Sometimes when I am just lying on my bed, just having a quiet moment, my emotions just hit me like a train. Just, boom and they are all consuming. Such as tonight, I was lying in bed with my 4 year old, while I waited for her to fall asleep and I am hit with feelings of grief, trauma, despair and sadness over the upcoming move and leaving my oldest daughter and also, over how my 4 year old has been effected. And I was just in tears and absolutely consumed with sadness.

I know I am definitely depressed at the moment, as I don’t want to go anywhere, I have no motivation, I want to avoid people, I feel depressed and I’m feeling alone and isolated.

I was thinking tonight, I don’t know how much of my perception of my fiance and our relationship is down to the effect of my mental health and how much is based on fact. As sometimes I truly appreciate him and feel good about us and other times I feel anger and resentment. And I don’t know what to think or feel about all this. It is all very confusing.

I feel really tired, but then again, I did an hour ago when I went up to bed, yet boom, I lie down for a bit and I’m wide awake! So I really don’t trust my bodies ability to fall asleep without my sleep medication(Quetiapine) with this fact considered.

It is Sunday right now and the FGC(family group conference) review regarding my 2 youngest child is tomorrow morning. So I hope I am able to get a decent sleep tonight, with that being so soon.

I had even more stress thrown at me yesterday. I received a letter from IRD(inland revenue department) stating that they will be taking $17 per week out of my benefit for child support. I believe the reason this has all fallen on me, is because my older daughters Dad has become uncontactable. But that does not make it any less unfair. As we already struggle so much which money and this has just made things even harder.
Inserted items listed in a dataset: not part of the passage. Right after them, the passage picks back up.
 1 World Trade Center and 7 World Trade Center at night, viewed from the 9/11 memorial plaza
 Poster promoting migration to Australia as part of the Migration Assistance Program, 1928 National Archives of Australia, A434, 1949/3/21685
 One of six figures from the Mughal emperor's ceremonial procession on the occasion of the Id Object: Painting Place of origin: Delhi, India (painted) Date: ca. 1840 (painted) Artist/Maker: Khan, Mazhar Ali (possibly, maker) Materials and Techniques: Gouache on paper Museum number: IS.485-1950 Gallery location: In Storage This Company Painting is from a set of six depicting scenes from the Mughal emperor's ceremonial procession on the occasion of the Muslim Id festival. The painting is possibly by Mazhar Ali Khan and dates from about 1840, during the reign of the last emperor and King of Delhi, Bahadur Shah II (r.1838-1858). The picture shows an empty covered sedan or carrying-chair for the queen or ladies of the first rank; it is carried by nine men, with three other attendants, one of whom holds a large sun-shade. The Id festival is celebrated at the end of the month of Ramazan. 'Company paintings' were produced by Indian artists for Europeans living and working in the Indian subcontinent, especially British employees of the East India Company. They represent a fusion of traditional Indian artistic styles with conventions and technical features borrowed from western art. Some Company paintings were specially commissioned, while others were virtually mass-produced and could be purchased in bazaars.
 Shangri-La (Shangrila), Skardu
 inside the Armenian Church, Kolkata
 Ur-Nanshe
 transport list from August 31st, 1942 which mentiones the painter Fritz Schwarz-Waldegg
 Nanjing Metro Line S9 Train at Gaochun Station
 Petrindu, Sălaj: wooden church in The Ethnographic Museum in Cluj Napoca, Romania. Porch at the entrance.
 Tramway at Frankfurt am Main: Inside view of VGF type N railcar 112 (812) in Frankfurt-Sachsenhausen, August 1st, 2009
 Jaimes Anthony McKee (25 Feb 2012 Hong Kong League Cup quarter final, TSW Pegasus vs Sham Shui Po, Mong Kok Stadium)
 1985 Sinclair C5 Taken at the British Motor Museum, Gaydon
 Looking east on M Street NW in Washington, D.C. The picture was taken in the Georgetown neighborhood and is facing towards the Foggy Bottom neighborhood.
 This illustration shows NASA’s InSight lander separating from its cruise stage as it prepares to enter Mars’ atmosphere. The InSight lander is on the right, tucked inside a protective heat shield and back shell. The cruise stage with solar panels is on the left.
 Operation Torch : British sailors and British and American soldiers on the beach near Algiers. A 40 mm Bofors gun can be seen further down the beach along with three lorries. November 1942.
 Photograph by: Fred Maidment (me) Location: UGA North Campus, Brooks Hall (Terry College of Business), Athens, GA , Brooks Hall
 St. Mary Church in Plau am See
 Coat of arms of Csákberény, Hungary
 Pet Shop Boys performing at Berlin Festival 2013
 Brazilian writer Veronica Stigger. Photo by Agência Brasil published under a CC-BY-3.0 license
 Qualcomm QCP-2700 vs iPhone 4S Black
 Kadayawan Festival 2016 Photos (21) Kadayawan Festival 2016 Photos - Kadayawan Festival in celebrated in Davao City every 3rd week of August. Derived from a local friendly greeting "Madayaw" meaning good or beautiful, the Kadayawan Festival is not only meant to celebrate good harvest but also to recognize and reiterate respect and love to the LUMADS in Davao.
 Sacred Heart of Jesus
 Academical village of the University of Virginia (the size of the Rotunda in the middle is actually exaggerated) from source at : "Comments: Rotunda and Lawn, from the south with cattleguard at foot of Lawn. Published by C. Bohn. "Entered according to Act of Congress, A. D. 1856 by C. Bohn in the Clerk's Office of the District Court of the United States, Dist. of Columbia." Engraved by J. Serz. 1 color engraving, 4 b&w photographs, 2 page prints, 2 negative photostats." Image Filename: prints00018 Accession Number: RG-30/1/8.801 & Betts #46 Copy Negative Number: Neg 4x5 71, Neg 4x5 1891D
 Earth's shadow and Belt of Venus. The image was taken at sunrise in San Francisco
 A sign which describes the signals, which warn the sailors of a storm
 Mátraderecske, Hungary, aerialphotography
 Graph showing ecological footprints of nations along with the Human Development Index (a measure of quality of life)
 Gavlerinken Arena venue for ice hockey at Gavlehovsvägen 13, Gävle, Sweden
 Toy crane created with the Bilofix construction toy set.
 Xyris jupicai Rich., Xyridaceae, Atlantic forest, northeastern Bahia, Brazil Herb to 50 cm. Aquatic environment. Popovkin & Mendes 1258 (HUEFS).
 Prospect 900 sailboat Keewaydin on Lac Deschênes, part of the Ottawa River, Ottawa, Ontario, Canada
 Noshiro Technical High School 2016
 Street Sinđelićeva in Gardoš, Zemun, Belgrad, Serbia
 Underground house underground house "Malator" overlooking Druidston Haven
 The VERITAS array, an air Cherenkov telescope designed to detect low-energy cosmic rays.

I am not impressed that today is already 1/2 over and my older daughters Granddad has not brought her over yet. As I have not seen her for 2 weeks. I feel it is quite selfish them taking her the majority of the weekends. As I am supposed to be able to see her every week and I am her mother after all and she is my 1st child and was my only child for 6 1/2 years.

I was thinking late last night … instead of sleeping as I should have been. And have considered these thoughts a couple of times in the past. That my mental health taking such a huge dive downhill directly after I had my son, was just not as simple as the fact the labour was so traumatic. I feel that happening was more of a trigger, that brought up a culminating of events and issues that were unresolved from my past. And that was what made me experience a whole new level of mental unwellness. This is part of why I feel such a need for actual one to one therapy. As, though I have done much of the work myself to get to where I am now with my mental health. It doesn’t truly fix things and work through any unresolved issues from the past.

I don’t know if I have ever talked about some of the events in my past that have been pretty horrible in themselves. These are some of the events. My Dad being killed in an accident, which involved him on his motorbike and a truck. This was when I was 2 1/2 years old and I have always grieved for the Dad I never really got to know. My Granddad(my Dad’s father) whom I was very close with, dying of a stroke when I was only 12. My aunty(my Mum’s sister) dying of cancer. And my cousin(my Mum’s sister, who died of cancers son) being murdered a few years back. And then, while I was pregnant with my 2nd daughter, we were robbed and the same week I found out I was pregnant with my 2nd daughter, my older daughters Dad had tried to commit suicide and nearly succeeded, so was in ICU for some time and my Mum had a heart attack. Thankfully she was ok too. Plus there is how many times I was raped in my teenage years. And when I was 7, on a school bus trip. The bus we were on hit a motorcyclist and he was quite badly injured.

So yeah, those traumas in the past, I felt, came to a head with the trauma of my labour with my son.

And while acknowledging all this is big. It still doesn’t resolve the issues.